Data to process:

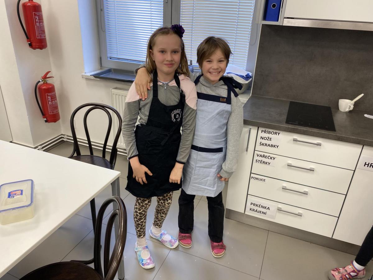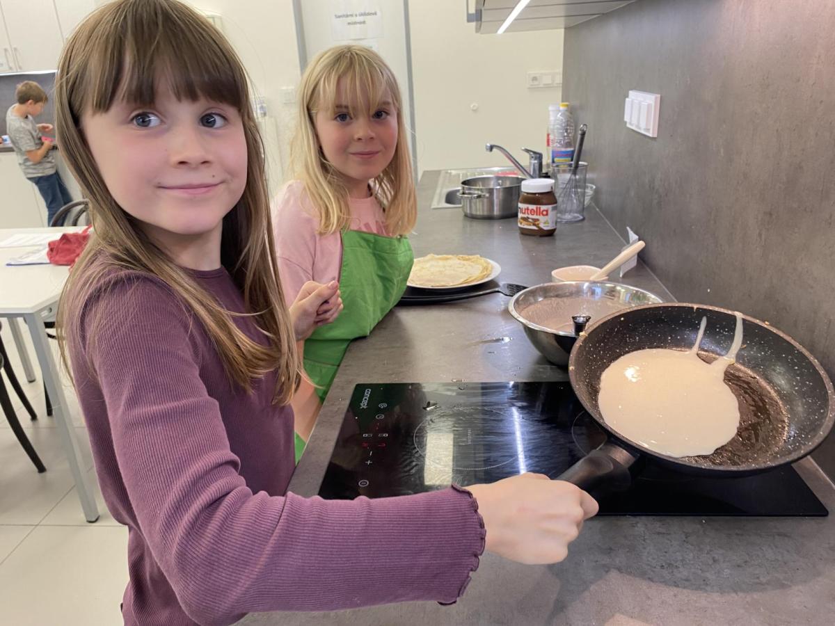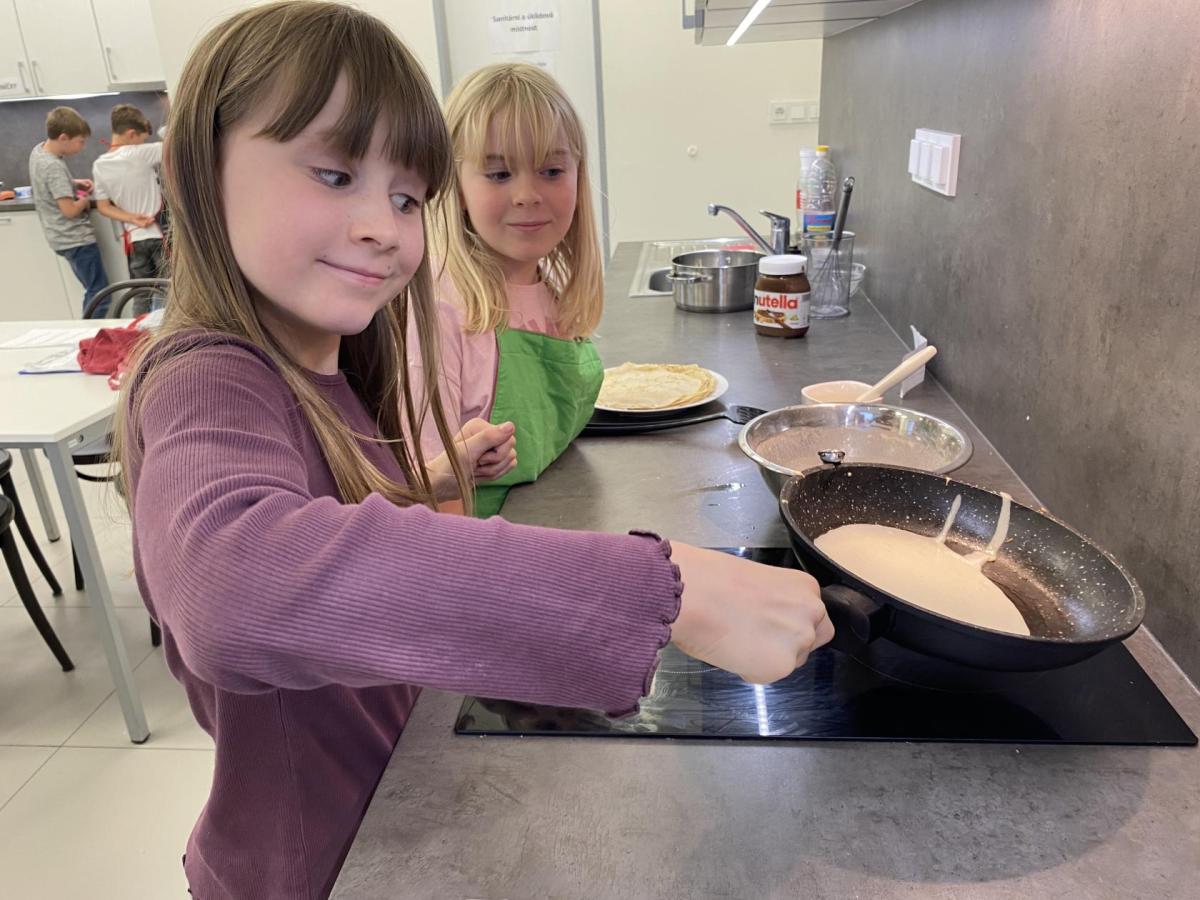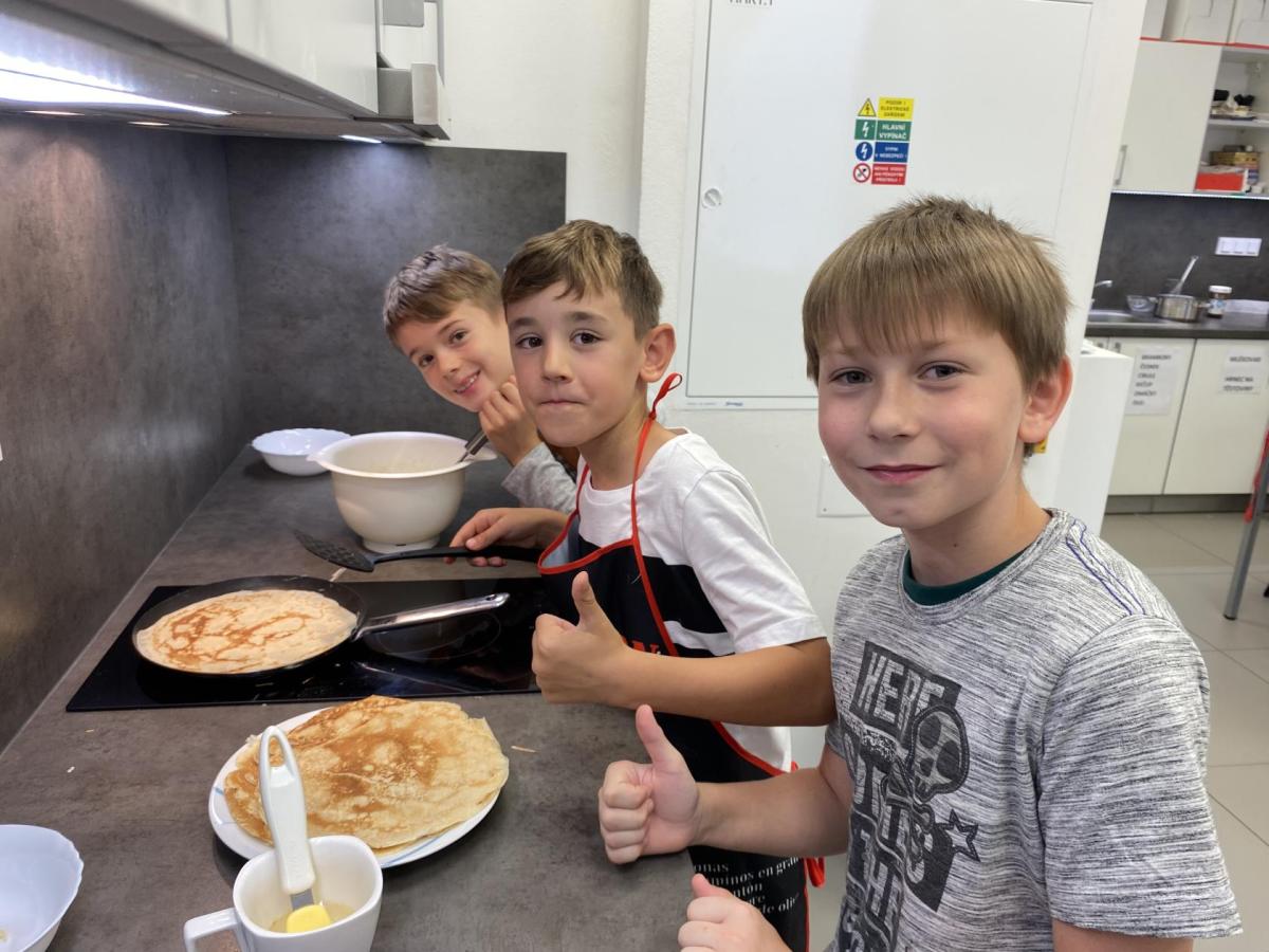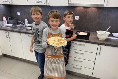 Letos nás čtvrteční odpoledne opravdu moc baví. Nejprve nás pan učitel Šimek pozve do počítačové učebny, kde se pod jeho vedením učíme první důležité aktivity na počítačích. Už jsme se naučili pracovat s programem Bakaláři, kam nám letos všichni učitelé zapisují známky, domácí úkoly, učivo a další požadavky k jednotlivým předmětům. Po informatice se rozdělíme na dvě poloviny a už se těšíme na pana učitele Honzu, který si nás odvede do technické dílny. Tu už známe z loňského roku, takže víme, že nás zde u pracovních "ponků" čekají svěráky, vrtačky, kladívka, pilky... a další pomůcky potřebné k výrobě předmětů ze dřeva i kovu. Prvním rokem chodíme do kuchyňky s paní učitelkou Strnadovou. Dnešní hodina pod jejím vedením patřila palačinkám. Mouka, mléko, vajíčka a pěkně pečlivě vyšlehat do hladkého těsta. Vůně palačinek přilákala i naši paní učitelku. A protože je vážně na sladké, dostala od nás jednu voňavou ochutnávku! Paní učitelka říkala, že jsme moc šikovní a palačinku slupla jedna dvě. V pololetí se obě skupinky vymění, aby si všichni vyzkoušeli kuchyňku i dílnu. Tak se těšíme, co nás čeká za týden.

---

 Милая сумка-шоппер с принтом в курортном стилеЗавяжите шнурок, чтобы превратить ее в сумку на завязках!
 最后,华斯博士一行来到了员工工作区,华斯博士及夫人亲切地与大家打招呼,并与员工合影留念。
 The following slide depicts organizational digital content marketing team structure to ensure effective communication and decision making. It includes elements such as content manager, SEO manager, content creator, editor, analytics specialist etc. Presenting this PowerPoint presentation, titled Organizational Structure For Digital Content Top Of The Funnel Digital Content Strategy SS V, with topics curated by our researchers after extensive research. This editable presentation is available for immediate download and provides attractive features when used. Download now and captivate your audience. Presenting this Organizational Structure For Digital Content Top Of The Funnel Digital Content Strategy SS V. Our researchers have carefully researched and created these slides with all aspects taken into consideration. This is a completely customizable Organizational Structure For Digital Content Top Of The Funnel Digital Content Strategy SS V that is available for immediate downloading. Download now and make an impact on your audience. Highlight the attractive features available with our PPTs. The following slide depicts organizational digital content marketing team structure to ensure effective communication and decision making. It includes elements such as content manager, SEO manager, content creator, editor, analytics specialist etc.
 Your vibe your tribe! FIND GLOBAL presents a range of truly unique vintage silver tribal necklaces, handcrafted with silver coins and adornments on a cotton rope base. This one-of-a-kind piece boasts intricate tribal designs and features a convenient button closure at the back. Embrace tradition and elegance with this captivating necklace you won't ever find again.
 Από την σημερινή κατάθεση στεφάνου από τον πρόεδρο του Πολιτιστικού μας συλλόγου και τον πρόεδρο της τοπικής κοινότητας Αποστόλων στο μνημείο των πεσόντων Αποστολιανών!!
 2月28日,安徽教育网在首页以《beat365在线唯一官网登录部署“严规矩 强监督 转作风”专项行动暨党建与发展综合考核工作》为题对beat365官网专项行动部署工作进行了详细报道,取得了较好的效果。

* * *

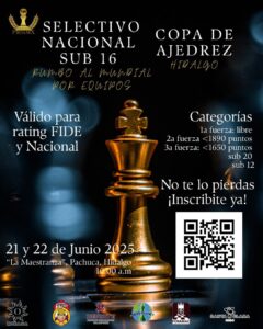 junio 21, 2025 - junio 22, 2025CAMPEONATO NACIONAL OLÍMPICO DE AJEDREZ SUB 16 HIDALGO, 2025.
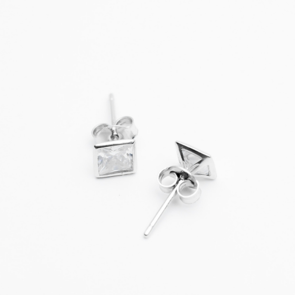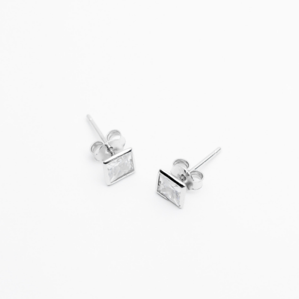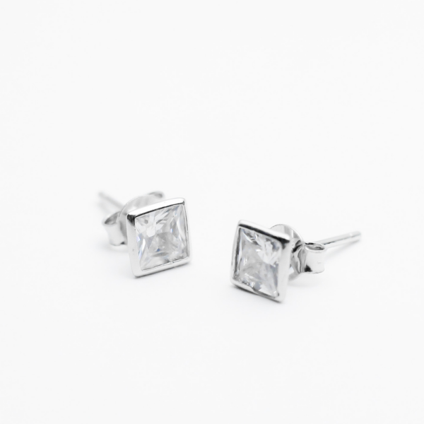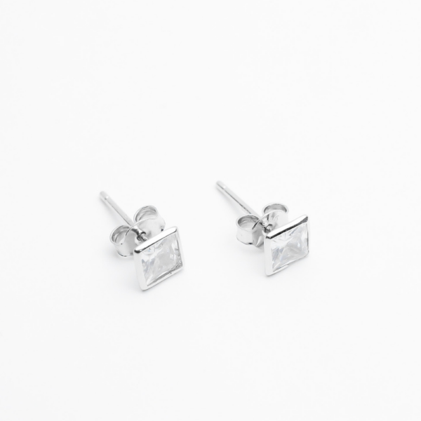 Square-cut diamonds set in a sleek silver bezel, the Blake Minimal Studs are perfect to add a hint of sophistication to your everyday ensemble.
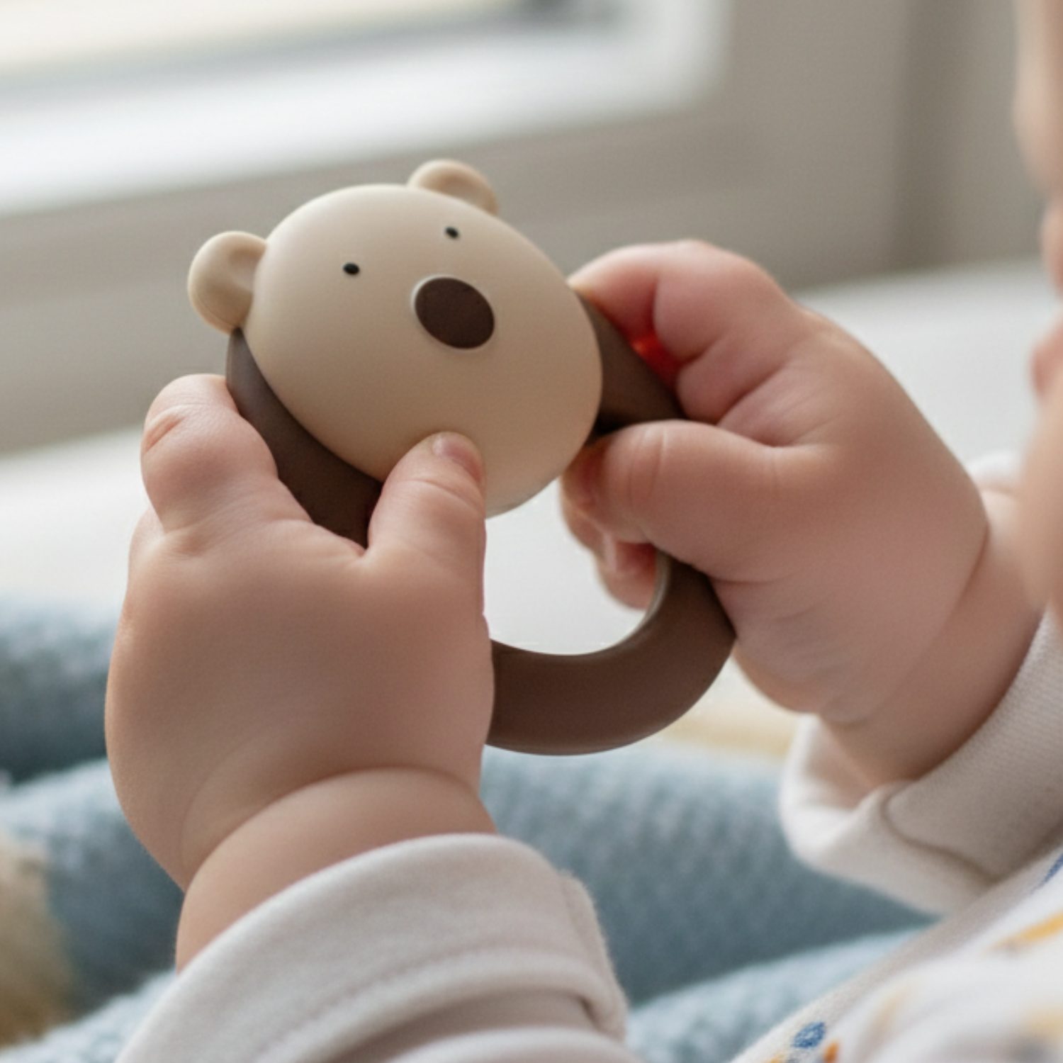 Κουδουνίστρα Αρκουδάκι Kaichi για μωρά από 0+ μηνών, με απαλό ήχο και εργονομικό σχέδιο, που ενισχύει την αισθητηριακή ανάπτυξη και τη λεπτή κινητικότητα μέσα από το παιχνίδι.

Exercise prompt:
Write out exactly the lines above between the one with "junio 21, 2025" and the one with "Square-cut diamonds set", inclusive, with pictures left out.

Solution to this exercise:
 junio 21, 2025 - junio 22, 2025CAMPEONATO NACIONAL OLÍMPICO DE AJEDREZ SUB 16 HIDALGO, 2025.
 Square-cut diamonds set in a sleek silver bezel, the Blake Minimal Studs are perfect to add a hint of sophistication to your everyday ensemble.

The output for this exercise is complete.